- [About this task]:
What you return must match the listing below character for character, minus any pictures.

- [Data excerpt]:
★ ★ ★ ★
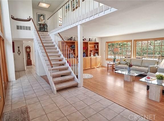 Location, Location, Location!!! Wonderful Porter Valley Golf Course View home with pool overlooking beautiful valley views, greenbelts and the 4th hole. This 2 Story features a gated courtyard, 4 bedroom, 2.5 baths with 2552 sq. ft. of light filled living space with dramatic high windows for tons of natural light and situated on a nice lot with neighbors on only one side. Upon entry you will feel right at home and love the light filled floor plan with gorgeous wood trimmed dual pane windows (upstairs are all Pella windows), separate living room with built-ins, formal dine and family room with recessed lighting, wet bar and a cozy fireplace. The cooks kitchen boast views of the rear yard, custom cabinetry, pantry cabinet, granite counter tops, and a convenient breakfast area. Smooth ceilings are offered through most of the home, and all the bedrooms are oversized with good closet space. The primary suite offers more amazing views, vaulted ceiling, his & her closets and a private en suite bathroom. The rear yard is perfect for relaxation or entertaining with a great covered patio and low maintenance landscaping. Situated in one of Porter Ranches most desired neighborhoods and within Castlebay Lane & Granada Hills Charter schools, plus close to parks, hiking, shopping and dining at the new Vineyards at Porter Ranch and offering easy freeway access. Home has been well loved by the original owners and it shows.
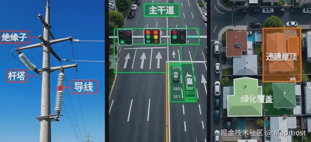无语义,不智能。在电力巡检中,系统需自动识别"绝缘子""杆塔""导线"并判断缺陷;在交通管理中,需区分"主干道""信号灯""路侧停车位"以支撑流量优化;在城市治理中,需定位"违建屋顶""绿化覆盖"用于监管执法。没有语义,这些闭环决策便无从谈起。
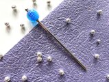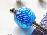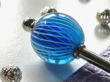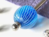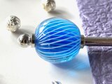 流水の様な水色と白のストライプ模様のとんぼ玉でかんざしを作りました。
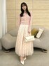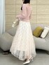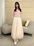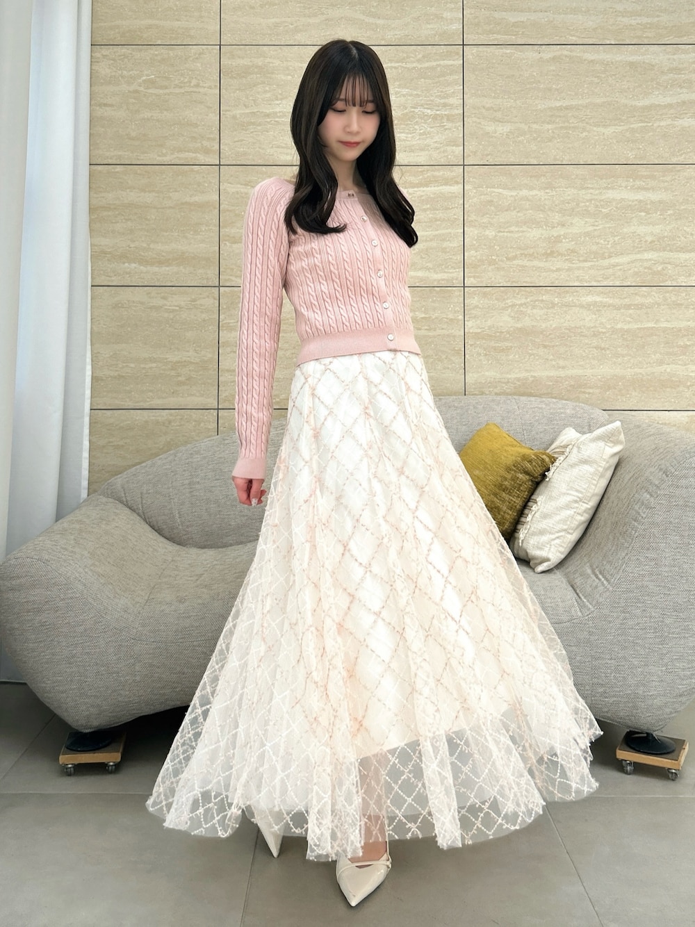 【トップス】 縦ラインの出るケーブル編みで、すっきりとした印象のニットトップス。 スクエアネックでデコルテを綺麗に見せてくれ、ボウタイブラウスなどを重ねてレイヤードコーデもお楽しみいただけます。 丈感はおへそより少し長めで、インでもアウトでもご着用いただけます。 【スカート】 昨年大人気だった高級感と華やかさのあるスカート。 スパンコールでチェック柄が作られており、光に当たるとパチパチキラキラと煌めく特別感のある1枚です。 チュール素材でとっても軽く、動くたびにふわっと揺れて躍動感を演出してくれます。154cm/Sサイズで足首に少しかかる丈感のため、低身長さんでも綺麗に着られます。
★ ★ ★ ★
- [Response to this exercise]:
 Location, Location, Location!!! Wonderful Porter Valley Golf Course View home with pool overlooking beautiful valley views, greenbelts and the 4th hole. This 2 Story features a gated courtyard, 4 bedroom, 2.5 baths with 2552 sq. ft. of light filled living space with dramatic high windows for tons of natural light and situated on a nice lot with neighbors on only one side. Upon entry you will feel right at home and love the light filled floor plan with gorgeous wood trimmed dual pane windows (upstairs are all Pella windows), separate living room with built-ins, formal dine and family room with recessed lighting, wet bar and a cozy fireplace. The cooks kitchen boast views of the rear yard, custom cabinetry, pantry cabinet, granite counter tops, and a convenient breakfast area. Smooth ceilings are offered through most of the home, and all the bedrooms are oversized with good closet space. The primary suite offers more amazing views, vaulted ceiling, his & her closets and a private en suite bathroom. The rear yard is perfect for relaxation or entertaining with a great covered patio and low maintenance landscaping. Situated in one of Porter Ranches most desired neighborhoods and within Castlebay Lane & Granada Hills Charter schools, plus close to parks, hiking, shopping and dining at the new Vineyards at Porter Ranch and offering easy freeway access. Home has been well loved by the original owners and it shows.
无语义,不智能。在电力巡检中,系统需自动识别"绝缘子""杆塔""导线"并判断缺陷;在交通管理中,需区分"主干道""信号灯""路侧停车位"以支撑流量优化;在城市治理中,需定位"违建屋顶""绿化覆盖"用于监管执法。没有语义,这些闭环决策便无从谈起。
 流水の様な水色と白のストライプ模様のとんぼ玉でかんざしを作りました。
 【トップス】 縦ラインの出るケーブル編みで、すっきりとした印象のニットトップス。 スクエアネックでデコルテを綺麗に見せてくれ、ボウタイブラウスなどを重ねてレイヤードコーデもお楽しみいただけます。 丈感はおへそより少し長めで、インでもアウトでもご着用いただけます。 【スカート】 昨年大人気だった高級感と華やかさのあるスカート。 スパンコールでチェック柄が作られており、光に当たるとパチパチキラキラと煌めく特別感のある1枚です。 チュール素材でとっても軽く、動くたびにふわっと揺れて躍動感を演出してくれます。154cm/Sサイズで足首に少しかかる丈感のため、低身長さんでも綺麗に着られます。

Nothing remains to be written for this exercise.